Here is the story, from the Austin American Statesman:
Texans unknowingly donate children's blood to research

Since 1965, Texas law has required the screening of newborns for birth defects, and the state now checks for 27 different health conditions — ranging from a gene that can cause severe mental disability to sickle cell anemia. In 2002, the state health department's Birth Defects Epidemiology and Surveillance Branch asked that the blood be stored for research rather than discarded; the department's leadership agreed. It contracted with Texas A&M [University's School of Rural Public Health] in 2006 to store the samples because the agency did not have room to keep them indefinitely, according to a Nov. 15, 2006, health department memo.

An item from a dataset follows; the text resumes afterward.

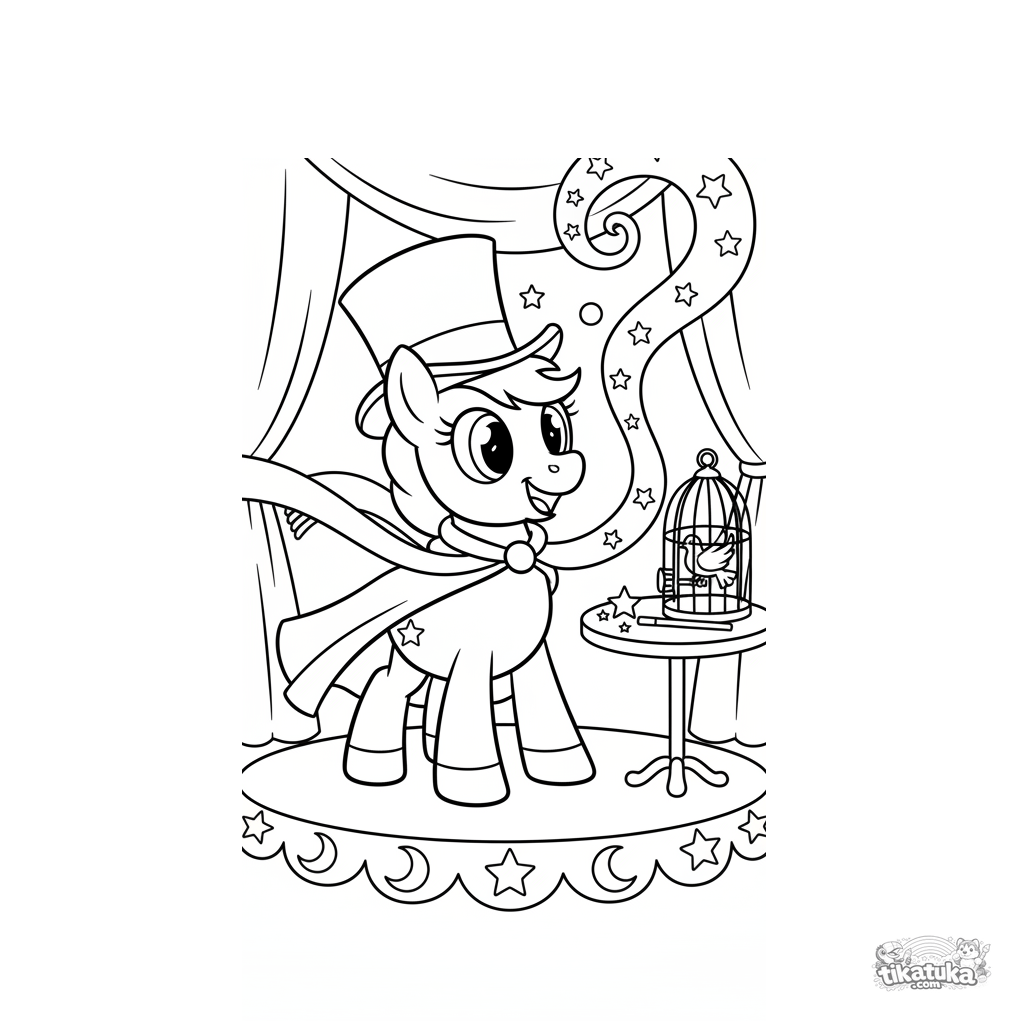 Fun coloring page for kids 4-6: a magician pony pulls an endless scarf from a hat on stage. Bright retro style, simple shapes, amusing story.

The agency says in the memo that it did not need to change state law to store the blood samples because "the agency's position has been that health-related research that uses these bloodspots is consistent with this agency's overall mission." The same memo says the department considers the blood samples to be "state records," which state law allows agencies to store indefinitely.

There are a couple of important issues that this story highlights:

1. According to the story, the state does not have to inform parents about how the blood samples might be used. Parents, "if they are aware of the tests", can opt out for "religious reasons". It's not clear from the story whether parents might actually be unaware that the initial battery of tests are even done on their own children (as consent is not sought) or whether they might be unaware of the fact that the samples will be used for future research and kept indefinitely. Either way, "opt out" options are almost always problematic in most contexts, but especially in this case, as it seems parents might be unaware of the testing, the use and storage of the samples or their right to opt out in the first place.

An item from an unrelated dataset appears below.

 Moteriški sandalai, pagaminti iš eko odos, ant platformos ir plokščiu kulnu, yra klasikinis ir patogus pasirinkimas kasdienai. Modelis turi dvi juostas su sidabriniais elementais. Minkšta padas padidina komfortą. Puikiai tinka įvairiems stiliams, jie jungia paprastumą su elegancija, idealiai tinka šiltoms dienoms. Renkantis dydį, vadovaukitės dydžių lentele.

2. There is a difference, which is poorly understood by many people, between two basic and fundamentally important concepts: de-identified data and anonymized data. With anonymized data, the link between the biological sample (the data) and the patient is broken. Therefore the sample can't be traced back to a particular person. However, with de-identified samples, while they aren't labeled with any kind of obviously identifying information — like a name or SIN number — the samples can certainly be traced back to their respective donors. The fact that, according to this story, these are "de-identified" samples then leads to two questions. Do researchers who have access to these samples then have an ethical obligation to go back and contact those who provided the sample if they find, say, important or even devastating health information or if they want further information? Wouldn't contact like this be much more easily received by those who unwittingly provided the samples if instead, there had been an original consent to use their infants' blood for research in the first place?

3. If we think a little more about the first two issues here, we come to the third, perhaps most obvious issue. These are de-identified samples, collected for routine, mandated tests that can be traced back to the infants from whom they were taken, being used in all sorts of health research (i.e. whatever the state deems to be important and viable, as the state considers the samples to be their "state records" and not either personal health information or biological material owned by the individual). Why not just simply and clearly inform parents that these tests are being done as per state health regulations and then provide them with an opportunity to consent to allow the state to keep the samples indefinitely for research purposes? By informing parents up front, it would actually facilitate the goals and aims of keeping traceable samples indefinitely for research purposes — people would be far more receptive to possible future contact from researchers if they actually knew about and had consented to provide the samples in the first place.